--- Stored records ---

▼

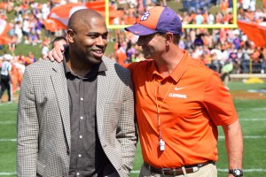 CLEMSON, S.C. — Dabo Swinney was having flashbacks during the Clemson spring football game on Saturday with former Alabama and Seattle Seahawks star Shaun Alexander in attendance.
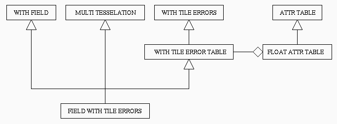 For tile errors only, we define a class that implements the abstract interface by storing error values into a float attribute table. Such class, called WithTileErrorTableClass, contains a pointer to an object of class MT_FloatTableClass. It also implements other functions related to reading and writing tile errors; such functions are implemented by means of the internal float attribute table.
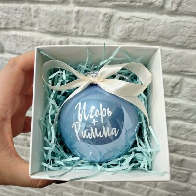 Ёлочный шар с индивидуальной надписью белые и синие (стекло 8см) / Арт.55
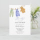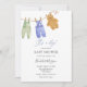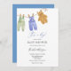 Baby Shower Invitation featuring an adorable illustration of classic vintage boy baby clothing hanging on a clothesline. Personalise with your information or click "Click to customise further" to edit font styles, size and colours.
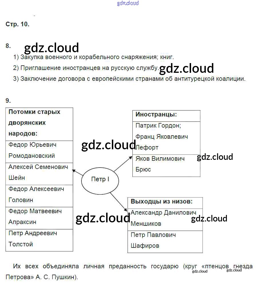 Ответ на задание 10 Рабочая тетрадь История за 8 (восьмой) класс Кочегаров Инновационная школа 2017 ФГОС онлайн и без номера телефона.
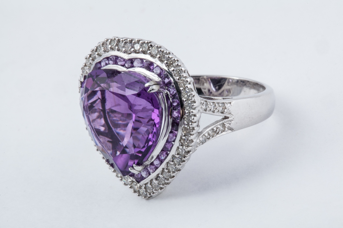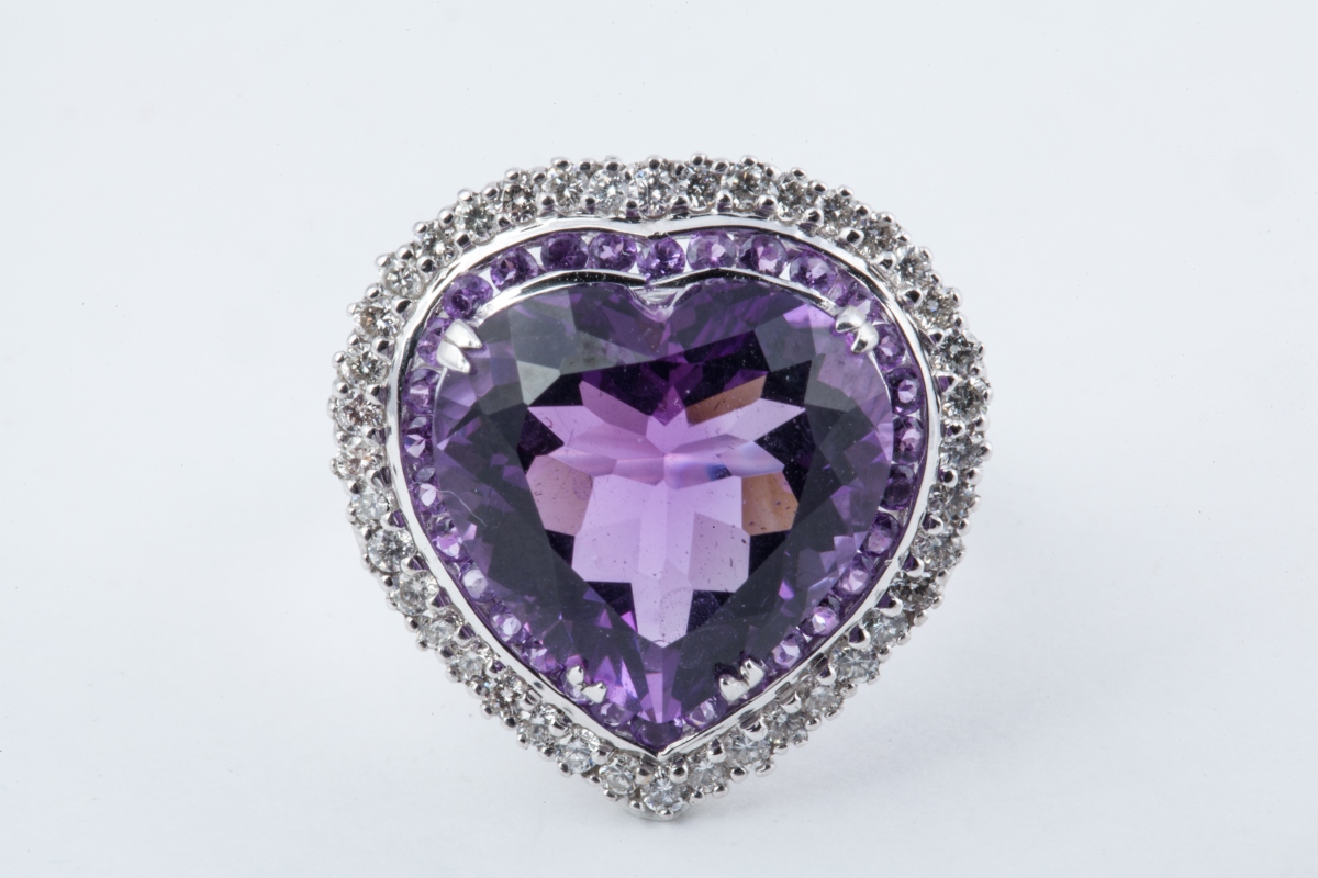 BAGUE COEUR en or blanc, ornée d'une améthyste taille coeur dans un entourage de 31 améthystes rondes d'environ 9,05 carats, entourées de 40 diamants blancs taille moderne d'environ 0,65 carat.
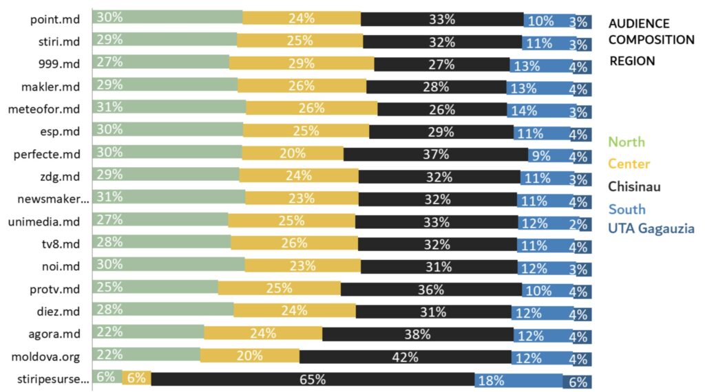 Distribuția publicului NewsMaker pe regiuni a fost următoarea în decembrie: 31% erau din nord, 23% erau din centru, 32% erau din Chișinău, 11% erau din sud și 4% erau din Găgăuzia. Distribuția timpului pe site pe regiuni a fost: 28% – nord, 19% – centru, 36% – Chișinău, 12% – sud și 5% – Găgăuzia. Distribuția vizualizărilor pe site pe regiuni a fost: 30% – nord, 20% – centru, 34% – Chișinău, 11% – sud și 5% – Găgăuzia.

▲

--- WHAT THIS TASK INVOLVES ---
A faithful, word-for-word copy of the data is needed; the pictures should not appear in it.

--- OUTPUT OF THE TASK ---
 CLEMSON, S.C. — Dabo Swinney was having flashbacks during the Clemson spring football game on Saturday with former Alabama and Seattle Seahawks star Shaun Alexander in attendance.
 For tile errors only, we define a class that implements the abstract interface by storing error values into a float attribute table. Such class, called WithTileErrorTableClass, contains a pointer to an object of class MT_FloatTableClass. It also implements other functions related to reading and writing tile errors; such functions are implemented by means of the internal float attribute table.
 Ёлочный шар с индивидуальной надписью белые и синие (стекло 8см) / Арт.55
 Baby Shower Invitation featuring an adorable illustration of classic vintage boy baby clothing hanging on a clothesline. Personalise with your information or click "Click to customise further" to edit font styles, size and colours.
 Ответ на задание 10 Рабочая тетрадь История за 8 (восьмой) класс Кочегаров Инновационная школа 2017 ФГОС онлайн и без номера телефона.
 BAGUE COEUR en or blanc, ornée d'une améthyste taille coeur dans un entourage de 31 améthystes rondes d'environ 9,05 carats, entourées de 40 diamants blancs taille moderne d'environ 0,65 carat.
 Distribuția publicului NewsMaker pe regiuni a fost următoarea în decembrie: 31% erau din nord, 23% erau din centru, 32% erau din Chișinău, 11% erau din sud și 4% erau din Găgăuzia. Distribuția timpului pe site pe regiuni a fost: 28% – nord, 19% – centru, 36% – Chișinău, 12% – sud și 5% – Găgăuzia. Distribuția vizualizărilor pe site pe regiuni a fost: 30% – nord, 20% – centru, 34% – Chișinău, 11% – sud și 5% – Găgăuzia.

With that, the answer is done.